The California Consumer Privacy Act (CCPA) is only six months away and yet only 14% of companies say they are fully prepared. If Europe’s GDPR is any guide, less than half of organizations will be ready on time. This is a significant issue, considering that 20% of privacy professionals expect their organization to pay over $1M to become compliant.
The ground-breaking law gives consumers broad new privacy rights and mandates how companies must manage, store and use customer data. Due to its broad scope and the state’s important role in the US economy, the CCPA will impact marketing organizations across the entire US and beyond if they manage data on California residents.
What’s about to change?
Inspired by GDPR, the CCPA will require organizations to manage the personal data of 12% of Americans in a whole new way. Consumer data collection will become much more complex and data privacy will become a significant issue. Beginning in January 2020, new obligations will require companies to:
- Disclose to consumers what data they collect and with whom it is shared or sold,
- Stop selling data if the consumer requests it,
- Delete data if the consumer requests it,
- Obtain explicit data collection opt-in for minors under the age of 16,
- Obtain parental consent for minors under the age of 13,
- Provide an easy mechanism for consumers to exercise their rights, including a free phone number and a prominent mechanism on their website explicitly labeled “Do Not Sell My Personal Information.”

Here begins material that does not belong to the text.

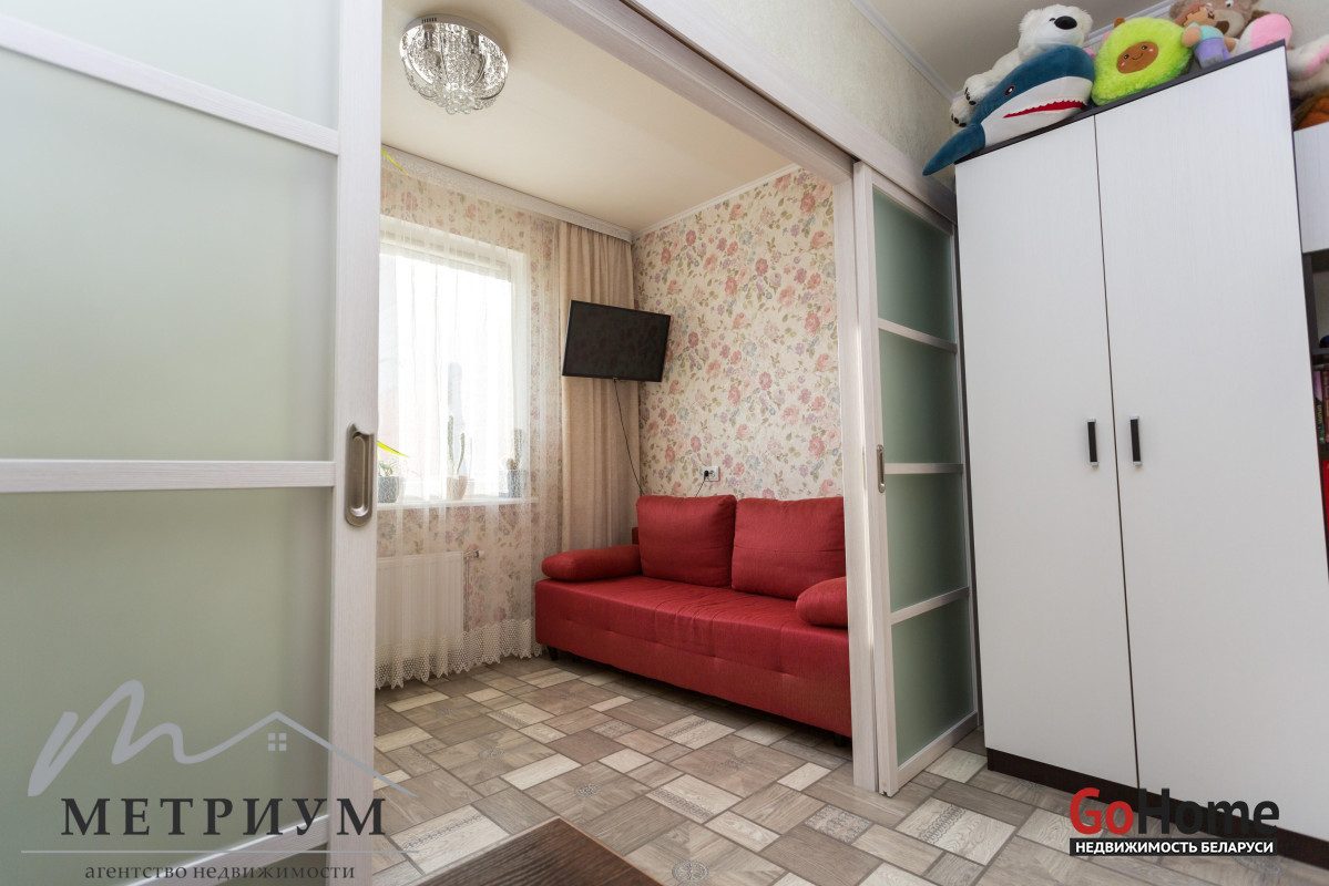 • В комнате выделена детская зона — фактически двухкомнатная

Under CCPA, if consumers choose to exercise any of these rights, companies may not charge a higher price or offer a lower level of service (within reason).
Failure to comply with consumer requests can lead to large fines by the state attorney general, up to $7,500 per incident. In a state with a population of almost 40 million people, those penalties can quickly add up to many millions of dollars. Non-compliance is not a good option.
Which companies must comply with CCPA?
Regardless of where data is kept or the company is located, the CCPA applies to organizations with data on consumers in California that meet one of three criteria: have annual revenue of at least $25 million, buy data on 50,000 households, individuals, or devices, or generate at least 50% of their revenue from consumer data.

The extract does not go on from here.